Plastic, of course, is not the only difficult to get rid of pollutant that we need to deal with and there are so many solutions that are effective, efficient and plain sensible. Why is it that no government in our history has actively invested in the planning and management of waste?
Some years ago while on a visit to Northern Italy, we visited the city of Brescia, located about halfway between Milan and Venice. Relatively unknown to most people, Brescia was once the number two city in the Roman Empire and has its own fair share of historical Roman ruins without the Roman crowds.
The city itself has a population of around 200,000 and the province of Brescia is home to about 1.3 million; you could call it similar in size to Auckland.
Approaching the city from Milan on the autostrada, there is a notable building off to the right. Sitting amidst undulating, landscaped lawns, this modern-looking building fits easily into the environment and though it has a reasonably high tower at one end, it seems to be in proportion and doesn’t look excessively high.
Having passed many interesting industrial buildings on the journey, I figured it was probably just the factory of another famous Italian appliance manufacturer or the like.
Imagine my surprise a couple of days later when one of the locals explained that it’s actually where ALL the rubbish for the province is disposed of in what is their Waste to Energy plant.
A clean, green waste incineration plant which disposes of rubbish through a clean, green incineration process that doesn’t pollute the air and provides heating to 65% of the population of the city. (If you want technical details, here’s a link to a paper presented at a Waste-to-Energy Research and Technology Council conference in 2003)
The plant deals with recycling and composting of organic waste. It turns what’s left into energy by incineration and minimizes what goes to a landfill after cleansing it so that only safe residues are dumped.

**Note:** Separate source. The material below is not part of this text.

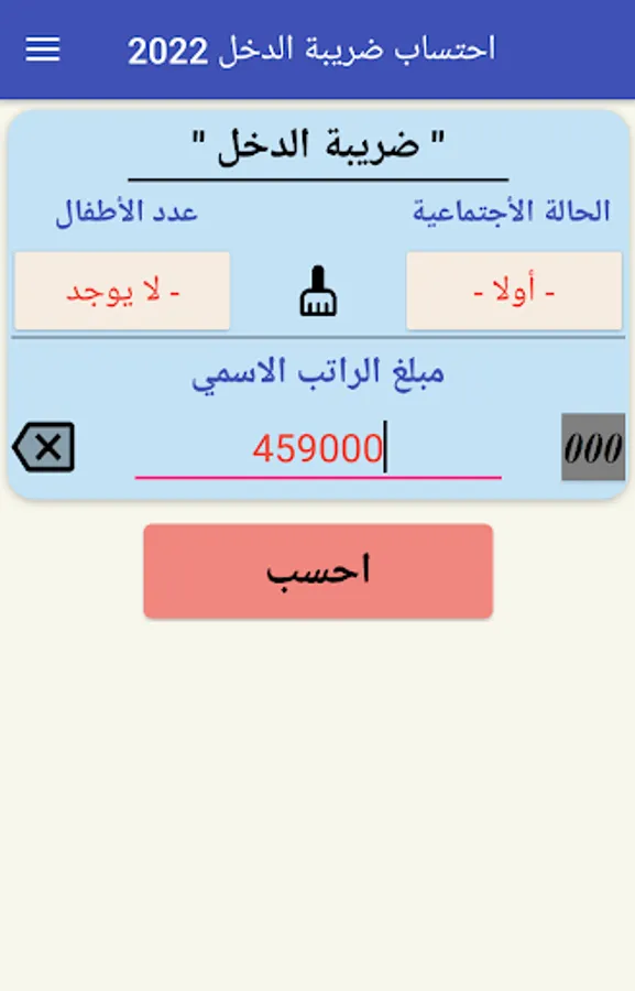 The application works on the income tax law currently in force in Iraq, through which the income tax imposed on the salaries of Iraqi state employees can be calculated quite easily and with high accuracy.

There was some discussion round about this time last year for such a plant to be built in Huntly, and according to Stuffed:
The New Zealand Product Stewardship Council’s Dr Trisia Farrelly called it “a false solution” to New Zealand’s waste problem. “All you end up doing as they do in Scandinavia is ‘feed the beast’. The thing could only keep going as long as you feed it waste, so it perpetuates waste.” Waste incineration was extremely expensive, and Farrelly doubted there would be funding available for such a long-term investment.”
There’s a whole story yet to be explored around that comment. If you haven’t heard of the New Zealand Product Stewardship Council – welcome aboard, join the club. But I wonder what happened to that plan?
We could respect a government that developed and implemented a short, medium and long term plan to ensure New Zealand develops an appropriate waste management programme. We can only view with contempt those that tinker and dabble and have no idea and no plan.